1. Pulling protection testing on cable entry systems: The pulling protection test is based on the European Standard (EN) and/or UL requirements. According to EN 50262 this is a dynamic test involving the application of a variable weight with a cycle of 50 x 1 seconds. According to UL 514 B this is a static test involving the application of a fixed weight of 16 kg. The length of the test is one minute.

2. Tensile testing of crimps on connectors: This test investigates the degree of strain-relief, measuring the amount of force required to pull the cable out of the contact crimp.

3. Measurement of housing geometry: A 3-D coordinate measuring machine provides for fully automatic measurement of round and retangular connectors. The resolution is 0.0001 mm while the measurement uncertainty of the entire system is 1.5 – 2.5 µm.

4. Electrical testing: Electrical measurement is required as evidence of electrical safety. The following are measured: contact resistance, electric strength, insulation resistance, impulse withstand voltage and high-voltage strength. The system can also be used to produce a derating diagram.

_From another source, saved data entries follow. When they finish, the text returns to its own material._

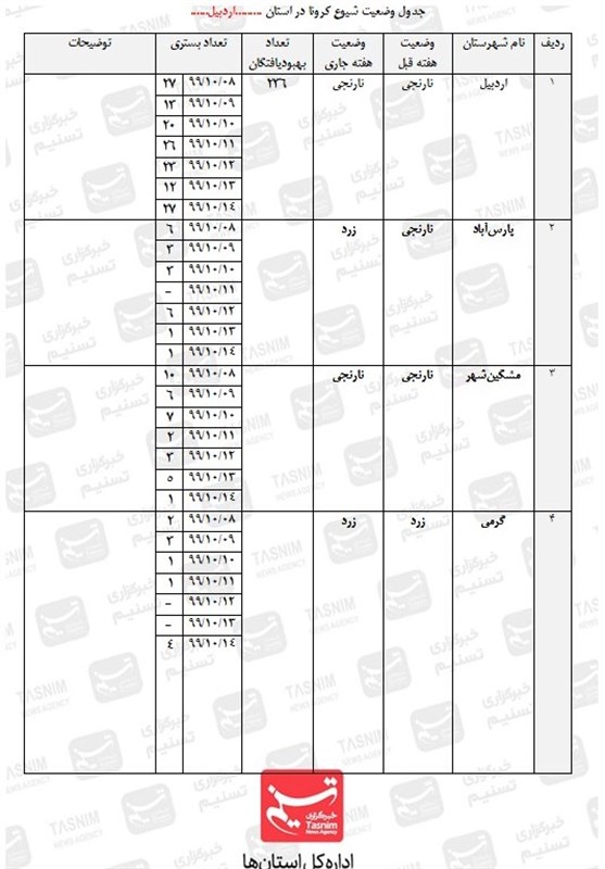 در حال حاضر اردبیل بیشترین آمار فوتیها را به خود اختصاص داده و به جز شهرستانهای اردبیل و مشگینشهر بقیه شهرستانها در وضعیت زرد قرار گرفتهاند و طی 24 ساعت گذشته 36 بیمار جدید مبتلا به کرونا در مراکز درمانی استان بستری شدهاند که بیشترین بستری مربوط به شهرستان اردبیل است و مجموع بیماران بستری شده به رقم 232 نفر رسید.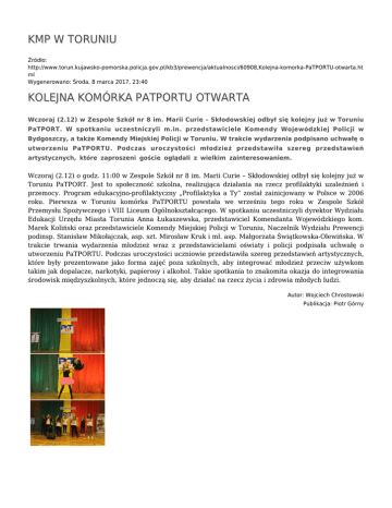 KMP W TORUNIU Źródło: http://www.torun.kujawsko-pomorska.policja.gov.pl/kb3/prewencja/aktualnosci/60908,Kolejna-komorka-PaTPORTU-otwarta.ht ml Wygenerowano: Środa, 8 marca 2017, 23:40 KOLEJNA KOMÓRKA PATPORTU OTWARTA Wczoraj (2.12) w Zespole Szkół nr 8 im. Marii Curie – Skłodowskiej odbył się kolejny już w Toruniu PaTPORT. W spotkaniu uczestniczyli m.in. przedstawiciele Komendy Wojewódzkiej Policji w Bydgoszczy, a także Komendy Miejskiej Policji w Toruniu. W trakcie wydarzenia podpisano uchwałę o utworzeniu PaTPORTU. Podczas uroczystości młodzież przedstawiła szereg przedstawień artystycznych, które zaproszeni goście oglądali z wielkim zainteresowaniem. Wczoraj (2.12) o godz. 11:00 w Zespole Szkół nr 8 im. Marii Curie – Skłodowskiej odbył się kolejny już w Toruniu PaTPORT. Jest to społeczność szkolna, realizująca działania na rzecz profilaktyki uzależnień i przemocy. Program edukacyjno-profilaktyczny „Profilaktyka a Ty” został zainicjowany w Polsce w 2006 roku. Pierwsza w Toruniu komórka PaTPORTU powstała we wrześniu tego roku w Zespole Szkół Przemysłu Spożywczego i VIII Liceum Ogólnokształcącego. W spotkaniu uczestniczyli dyrektor Wydziału Edukacji Urzędu Miasta Torunia Anna Łukaszewska, przedstawiciel Komendanta Wojewódzkiego kom. Marek Koliński oraz przedstawiciele Komendy Miejskiej Policji w Toruniu, Naczelnik Wydziału Prewencji podinsp. Stanisław Mikołajczak, asp. szt. Mirosław Kruk i mł. asp. Małgorzata Świątkowska-Olewińska. W trakcie trwania wydarzenia młodzież wraz z przedstawicielami oświaty i policji podpisała uchwałę o utworzeniu PaTPORTU. Podczas uroczystości uczniowie przedstawiła szereg przedstawień artystycznych, które były prezentowane jako forma zajęć poza szkolnych, aby integrować młodzież przeciw używkom takim jak dopalacze, narkotyki, papierosy i alkohol. Takie spotkania to znakomita okazja do integrowania środowisk międzyszkolnych, które jednoczą się, aby działać na rzecz życia i zdrowia młodych ludzi. Autor: Wojciech Chrostowski Publikacja: Piotr Górny Ocena: 0/5 (0) Tweetnij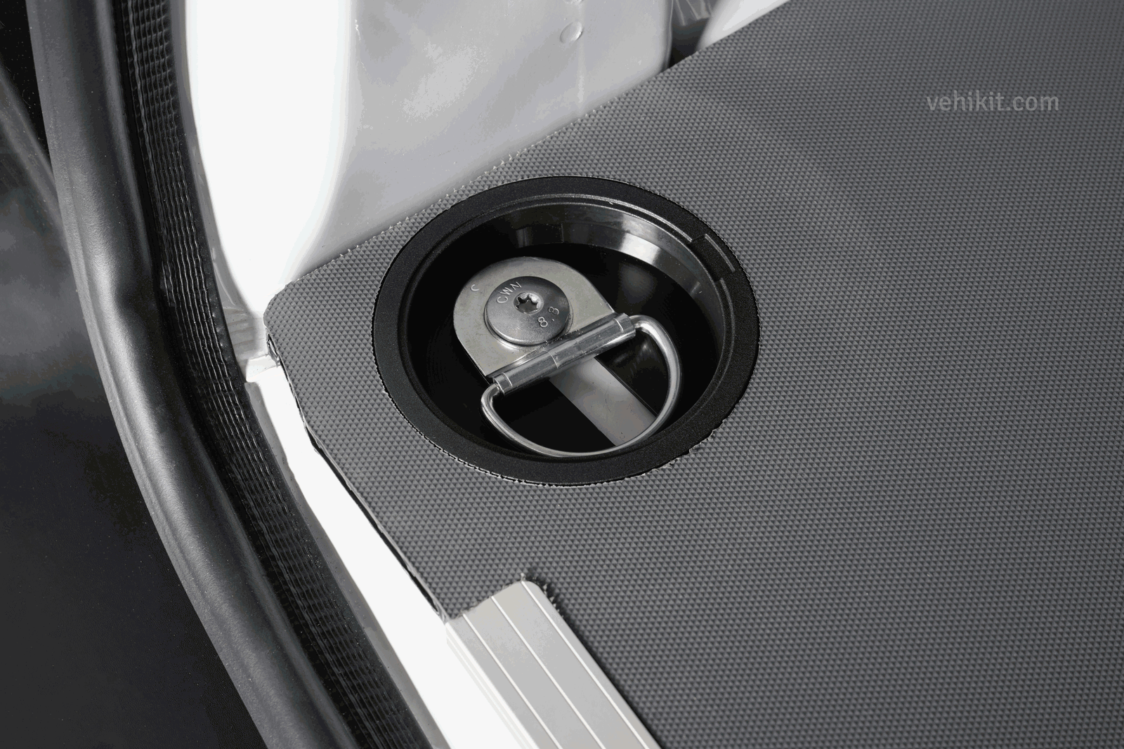 Grâce aux barres de seuil en aluminium, ce plancher utilitaire est bien protégé contre les chocs au niveau des portes coulissantes et arrière. Elles protègent notamment contre les éventuels dégâts causés lors du chargement et déchargement des marchandises. Le plancher possède également des ouvertures pour les points d’arrimage d’origine de votre véhicule utilitaire, afin que vous puissiez continuer à les utiliser pour sécuriser votre cargaison. Vous préférez couvrir les points d’arrimage ? Aucun problème : les caches fournis recouvrent parfaitement les ouvertures. Les coupelles de fixation permettent de maintenir le plancher en place.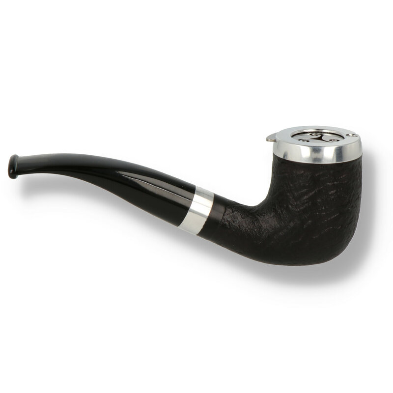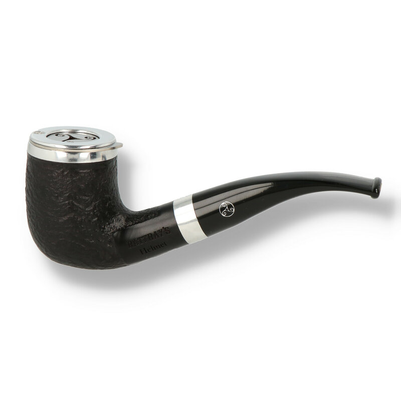 Charles Rattray's Helmet Briar Pipe 137 Designed with the outdoor smoker in mind these Rattray's Helmet Briars are perfect for fishing, golfing, shooting, or anywhere where you are exposed to the elements but still desire a quick puff. The built in slidable cover with the Rattray's logo is designed to keep the wind out and the tobacco in whatever the weather. The 137 is a curved Billiard with a black sandblast finish, the lid is complemented by a chrome band transition between the shank and stem.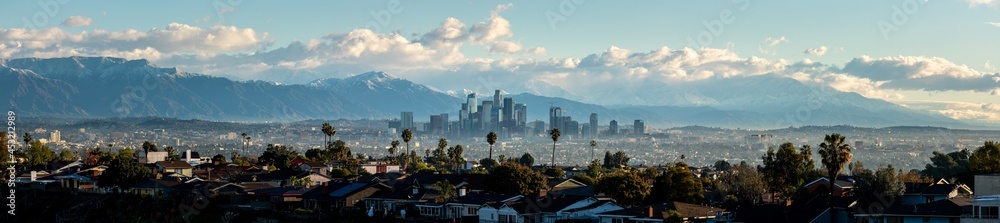 • Downtown Los Angeles and San Gabriel Mountains in Winter Panorama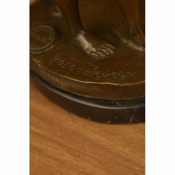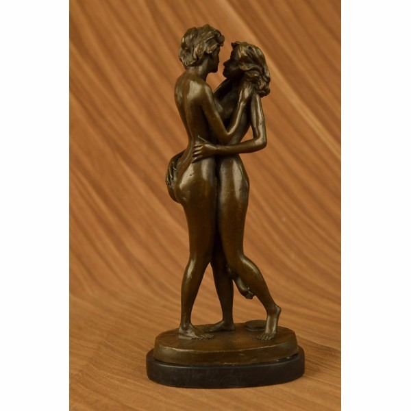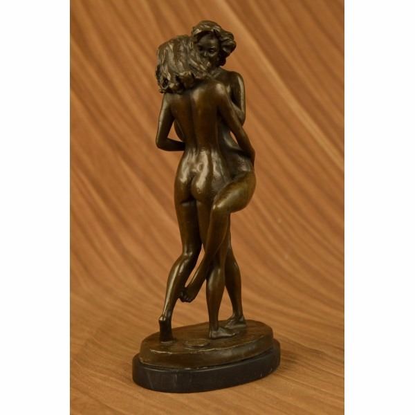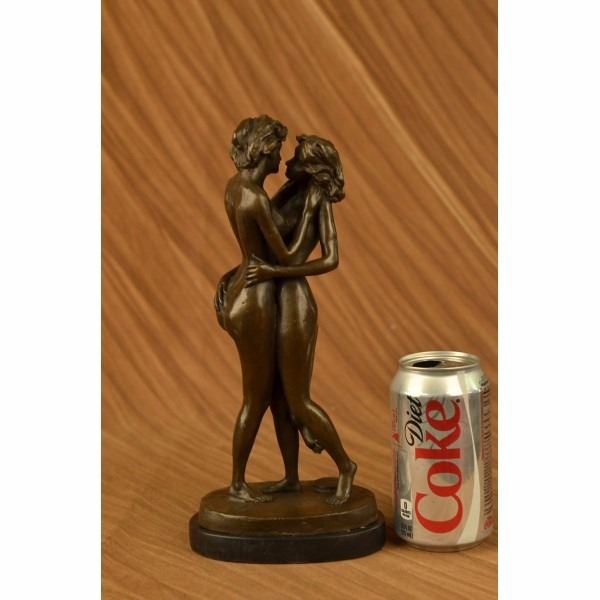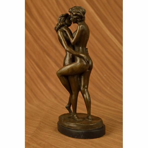 This is a Collector edition bronze sculpture featuring two gorgeous woman embracing each other. Her eyes are closed as she wraps her lips around lips of her partner. Waves of her hair twist and shape to the base of the piece. these sculptures have been hand crafted and signed by artist Pasquale Delor. Very unique in design this work of art embraces a women's choice of sexuality and pleasure. All of our bronze sculptures are hand crafted through the lost wax process, not be mistaken for cheap resin. Condition: This sculpture is in perfect condition. Bronze Dimensions with Marble Base:Height 11" x Width 5" Marble Dimensions:Diameter 5" Height without base: 10" Weight : 8 LBS Inventory : 35X12365553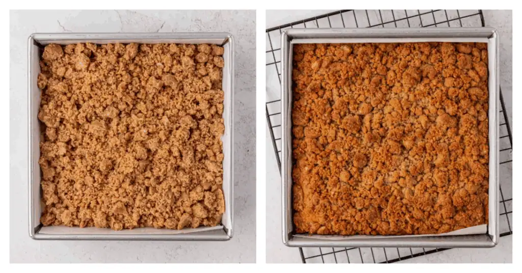 - Bake. Add the batter to the prepared pan. Crumble the topping evenly over the top of the cake batter breaking it up into small clumps. Bake for 40-45 minutes until the cake is done when it's golden brown around the edges and toothpick inserted into the center comes out clean. Remove cake from the oven and allow it to cool before serving.

5. Protection class testing: When testing the protection class, a distinction is made between protection from water and dust. Water protection class testing according to EN 60529 involves subjecting the test specimen to a maximum flow rate of 100 l water/min. The length of the test is 3 minutes. Water protection class testing according to EN 60529 also involves subjecting the test specimen to a maximum water pressure of 10 bar. The length of the test is 30 minutes. Dust protection class testing according to EN 60529 involves exposing the test specimen to talcum powder with a grain size of 75 µm. The length of the test is 8 hours. If the IP6X protection class is to be tested, the test specimen is subjected to a vacuum of 20 mbar. In all three cases the gland must prevent the ingress of water or dust in the specimen.

6. Cold impact test: This test involves subjecting the specimen to an impact energy of 7 joule (height of fall: 70 cm; weight: 1 kg) at a temperature of -25°C. Protection class testing (IP68) is only performed once the cold impact test has been performed successfully.

7. Materials testing: Materials testing involves examining the inner structures of the plastics used. Infrared spectroscopy is used for fast material identification and incoming goods inspections. The system is equipped with a gas measuring cell for connection to thermogravimetric equipment. Thermogravimetry can be used to examine the composition of polymers, with fast testing of the temperature resistance of the specimen also being possible. Thermal analysis allows optimisation of the long-term thermal behaviour of plastics to be examined. Fast failure analysis and characterisation of thermal properties can also be carried out.